» **Stored entries**
========

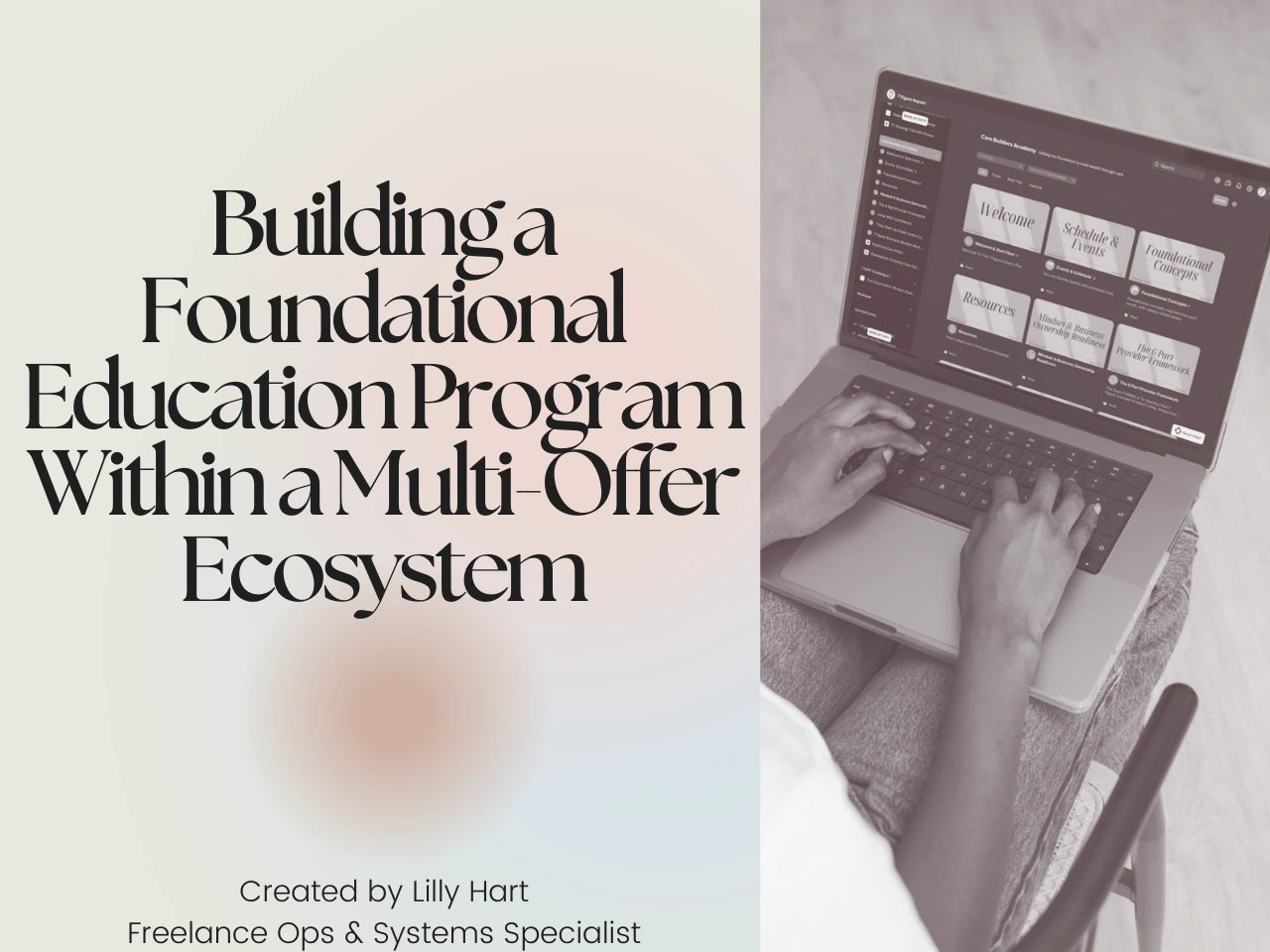 Scope included offer positioning, curriculum architecture, sales page copy, visual direction, live-event frameworks, onboarding flows, and backend automations. The program was designed to function as a standalone educational experience while also supporting sustainable growth across a broader portfolio of education products.
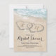 Beach destination wedding bridal shower invitations featuring a summer tropical beach island background, a vintage sandy beach with two hearts in the shoreline, your initials and a wedding text template.
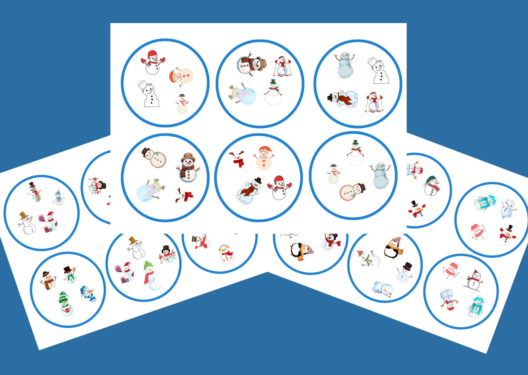 Zestaw zawiera 6 kart w wersji kolorowej. Na każdej karcie znajduje się 6 kół z obrazkami przedstawiającymi bałwanki. Po wycięciu materiał można zalaminować, aby dłużej służył.  Grafiki wykorzystane w dooble pochodzą z aplikacji Canva oraz  pixabay.
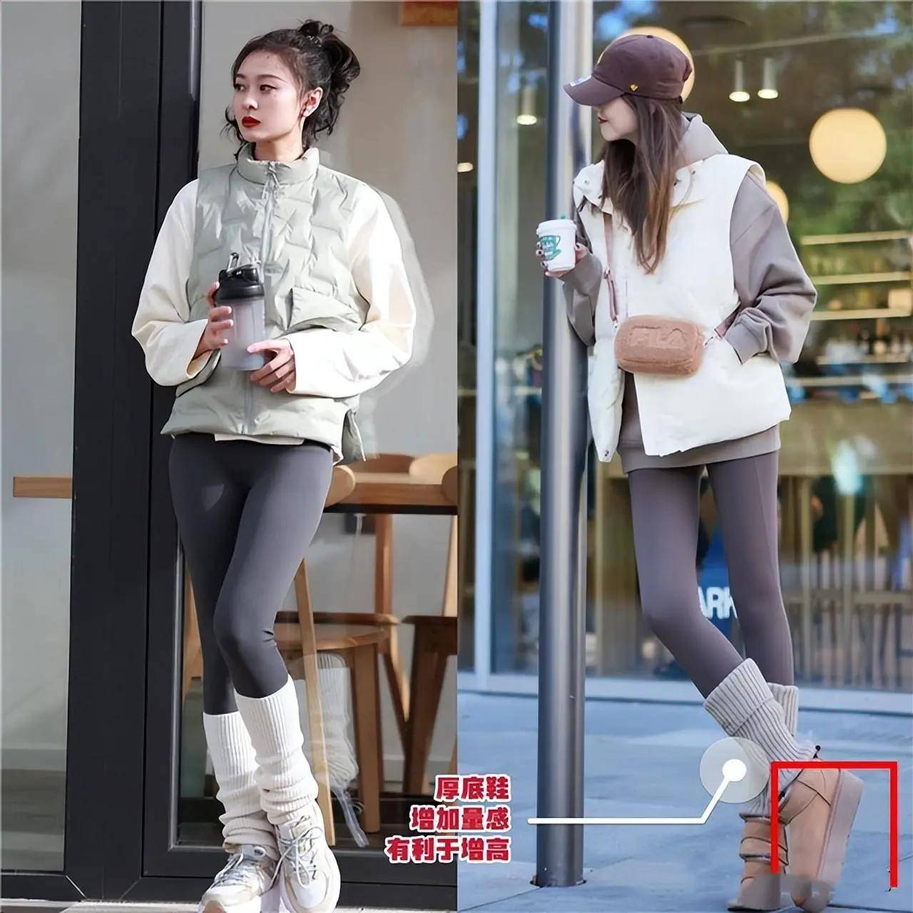 当你穿的是一双老爹鞋雪地靴的时候,那么就需要一双堆堆袜来衔接无痕裤和鞋子,不光能增加造型的层次感,而且看起来穿搭造型更自然。所以有的时候,为什么别人穿衣打扮那么的时髦洋气,自己打扮出来的就是不如意?可能就是这些细节没有做好。
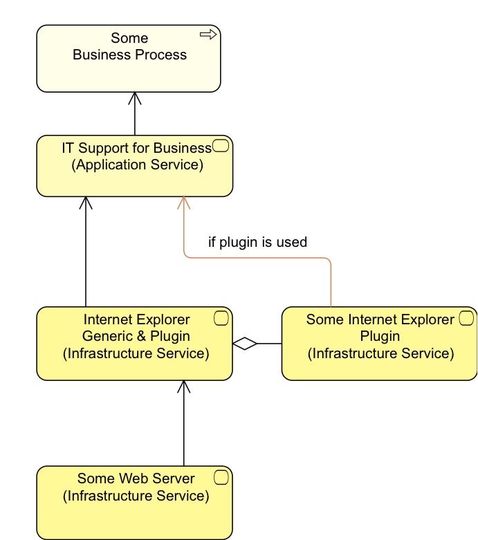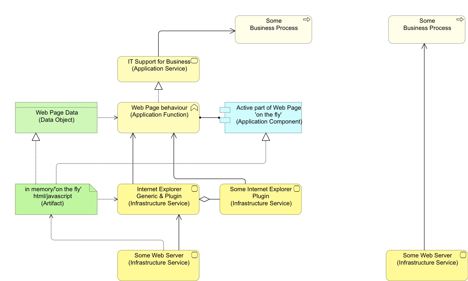 The question of course is: is it useful to model the state of affairs at this detailed level? In the previous post, about modeling spreadsheet use, my answer was a clear “yes”. Not modeling those ‘hidden’ spreadsheet applications is sloppy and it seriously undercuts the usability of your models for analysis. In this case, the situation is slightly different, though. The functionality remains inside the browser, if only because of security considerations. So, there will never be direct relations with other functions in your landscape. Modeling the on-the-fly objects may be the most correct way to do it, in terms of the uses of your models, you might do with less detail. What you at least do need to know is the dependency of the Business Process on the browser and its plugins and on the web server. I could personally live with a model without the passive and active objects and the Application Function that is performed by the on-the-fly Application Component. Then it would look like this:

========

» **Task prompt**
Although the records above contain pictures, the copy should not; retype exactly the lines from the one containing "Zestaw zawiera 6" through the one containing "当你穿的是一双老爹鞋雪地靴的".

» **Response area**
 Zestaw zawiera 6 kart w wersji kolorowej. Na każdej karcie znajduje się 6 kół z obrazkami przedstawiającymi bałwanki. Po wycięciu materiał można zalaminować, aby dłużej służył.  Grafiki wykorzystane w dooble pochodzą z aplikacji Canva oraz  pixabay.
 当你穿的是一双老爹鞋雪地靴的时候,那么就需要一双堆堆袜来衔接无痕裤和鞋子,不光能增加造型的层次感,而且看起来穿搭造型更自然。所以有的时候,为什么别人穿衣打扮那么的时髦洋气,自己打扮出来的就是不如意?可能就是这些细节没有做好。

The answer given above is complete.